I find that these testimonials are important to help change the corrupt and rotten financial culture that surrounds our society. The sad part is that a company like Goldman Sachs has far too much power and controls not only the wealth of the wealthier, but also the wealth of independent countries. After the 2008 collapse, independent States all over the world have injected huge amounts of tax payers' money to cover for the blatant mistakes and greed of Goldman Sachs (and others). Now the people of the more vulnerable States, which little industrial and productive power, are being sacrificed so that this spiral of lunacy can continue. As a citizen of one of these countries that is being sacrificed - Portugal - I demand that my elected leaders stop pampering for these lunatic companies like Goldman Sachs and stop imposing harsh austerity measures that will lead us nowhere and will only destroy the social fabric of our country. However, I fear that this will not happen, because as we saw in Italy and Greece, when elected leaders stop cooperating with these powers they are simply replaced by former Goldman Sachs executives...sad world we are living in.

John W.Philadelphia
Brave man -- its one of the hardest things to do to rebel against culture like this at a company. Sometimes you have to publicly resign in order to make a point, and its good to hear the truth about what is really happening now at these firms. I am not sure many are going to exist soon (we've already lost many, like Bear Stearns), and I am not sure thats a bad thing. Power without any ethics or morality is always a dangerous thing, and these companies wield enormous influence over our banking system.

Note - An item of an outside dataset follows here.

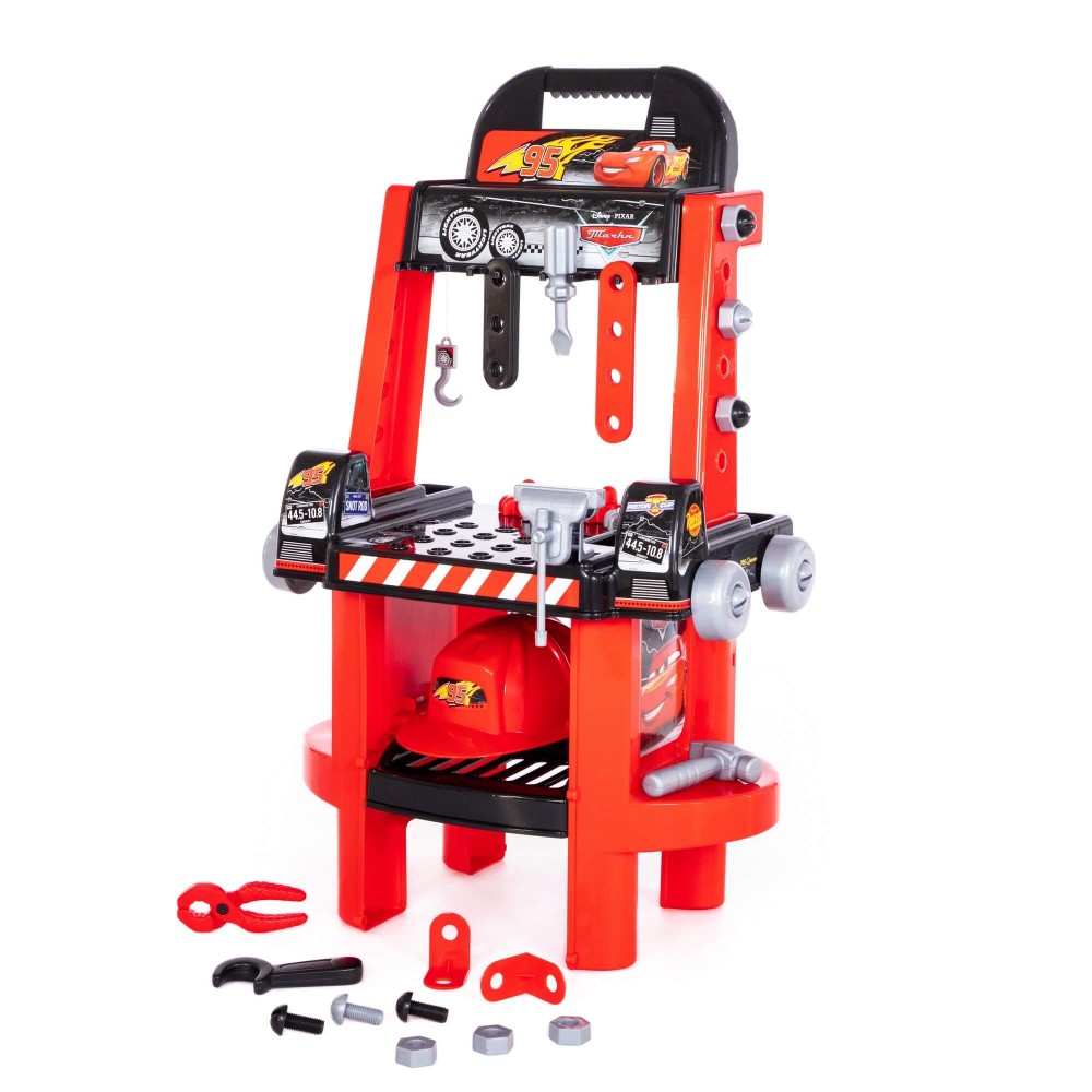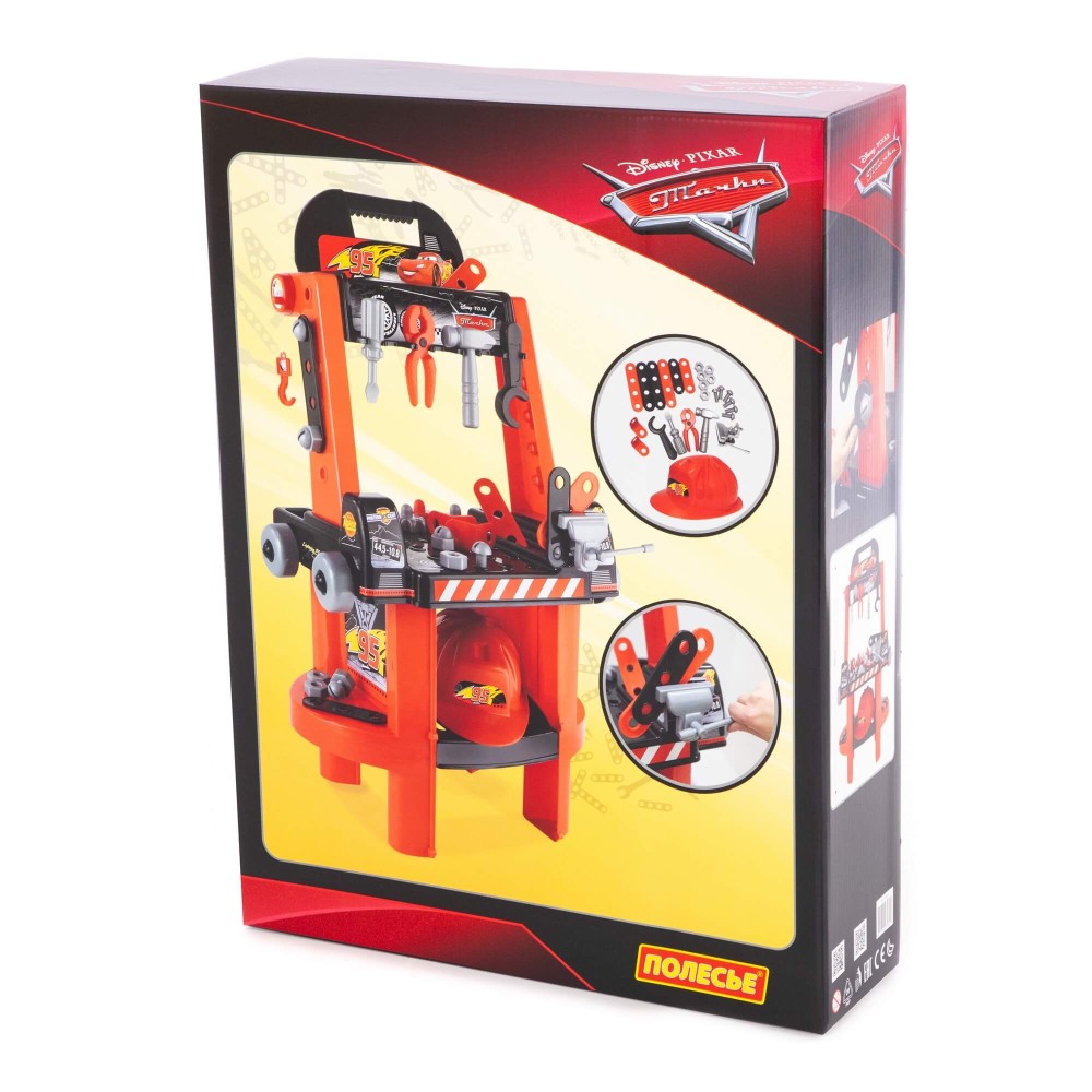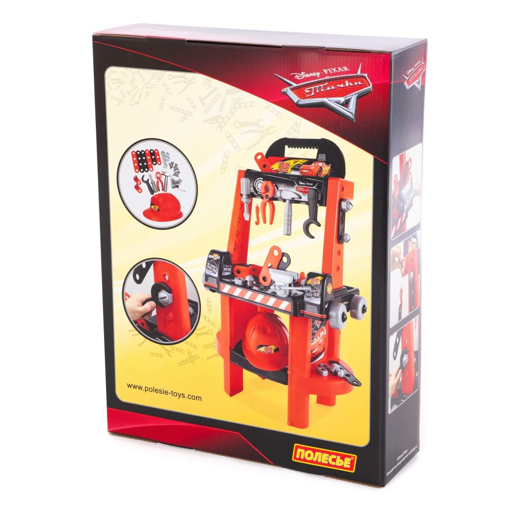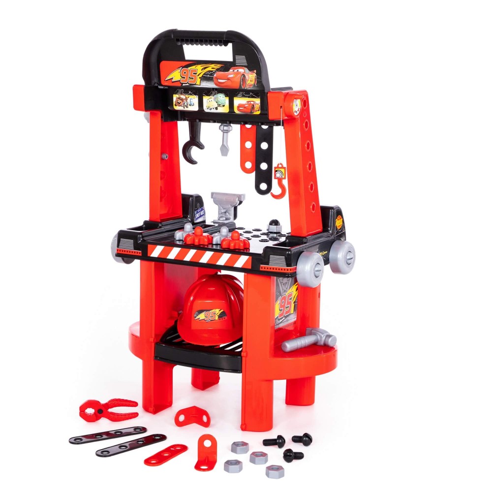 Набор "Механик" Disney/Pixar "Тачки" вдохновлен известными по всему миру героями. В набор входит тележка, к которой ребенок может самостоятельно прикрутить или открутить колёса, и крючки для размещения инструментов, входящих в набор. Верстак оснащен тисками и подъемным крюком, который приводится в движение ручным механизмом. В комплекте имеется гаечный ключ, отвертка, пассатижи, молоток, каска, 10 винтов, 6 гаек, 8 соединительных элементов. С помощью инструментов, входящих в набор, ребенок может откручивать и прикручивать к столешнице винты, а также присоединять пластины. Конструкция набора предполагает наличие полочки, которая позволит удобно хранить инструменты. Набор "Механик" Disney/Pixar "Тачки" выполнен из высококачественного пластика и оформлен в ярких цветах, которые напомнят ребёнку о любимых героях анимационных фильмов Disney/Pixar «Тачки». Подходит для детей старше 3 лет.

I don't think things have changed that much at GS in the last 12 years. He must have joined right after the internet bubble collapsed, which GS was a big part of, hyping companies that had no real business plan. And then they moved right on to double-dealing toxic mortgage products. So the only thing that might have changed in the last 12 years isn't GS' culture but Mr. Smith's assessment of that culture.
The thing that really changed GS is the change from a partnership to a public company in 1999, just before Mr. Smith joined. Suddenly, the risks are off-loaded from leadership to shareholders, quarterly earnings become the focus, and management is free to wheel & deal any way they want to with little consequence to them. That has created a huge moral hazard and nothing is being done to control that.

Katherine in PAPhiladelphia, PA
This is what happens when traders (many of whom would step on their grandmother for a profit) take over a firm that is basically a relationship business. Bravo to Mr. Smith for pulling back to curtain on this toxic enterprise that absolutely used to be one of the most respected firms on the planet. No more. Matt Taibbi had it exactly right with his "vampire squid" description. Washington: Are you listening? Isn't it high time to put some of these hot shots away?


There was a time when I aspired to be a client of Goldman Sachs. As the 2008 story unfolded, it became clear that your former company had taken a turn away from serving customers and, more importantly, from being a good corporate citizen. This "disease," as many have reported, continues to infect our economy and to shake our trust in financial institutions. We have a a fear of what you have confirmed: that we can't trust our money to them. Once on deposit, it ceases to be our money and becomes theirs for the taking. In most industries, leaders know that once the customers become secondary, the business compact is broken. Thank you for speaking out.

Lay off the man, he has publicly done the right thing at great financial (and no doubt social) cost to himself. He has a conscience. What he says about the old Goldman culture is well known and I believe the shift speaks to a broader shift in loss of shame in our culture. We now are so collectively narcissistic that the individual pursuit of money at any cost has created a risk-taking environment that is unsustainable. See this in the orders-of-magnitude increase in compensation form the 1980's to now; a billion is the new million. There is no sense of shame in making $10-100 million a year just for skimming a large transaction, but worse, there is a new sense of entitlement and belief in one's greatness born of such money.

In 2008, I worked for JPMorgan Chase, albeit at a lower level than Mr. Smith. I spent a year trying to tell managers that there were all kinds of abuses going on with respect to disclosures about mortgages and home equity loans. All paid me nothing more than lip service. They couldn't have cared less about the client; it was all about their bottom line. Then the housing market crashed. Surprise.

I wrote a letter to Jamie Dimon, expressing my concerns. I got a call from one of his flacks in personnel. And instead of saying we'll look into this and fix it, her question was "Well, what do you want?": corporate speak for "What do we have to do to shut you up?"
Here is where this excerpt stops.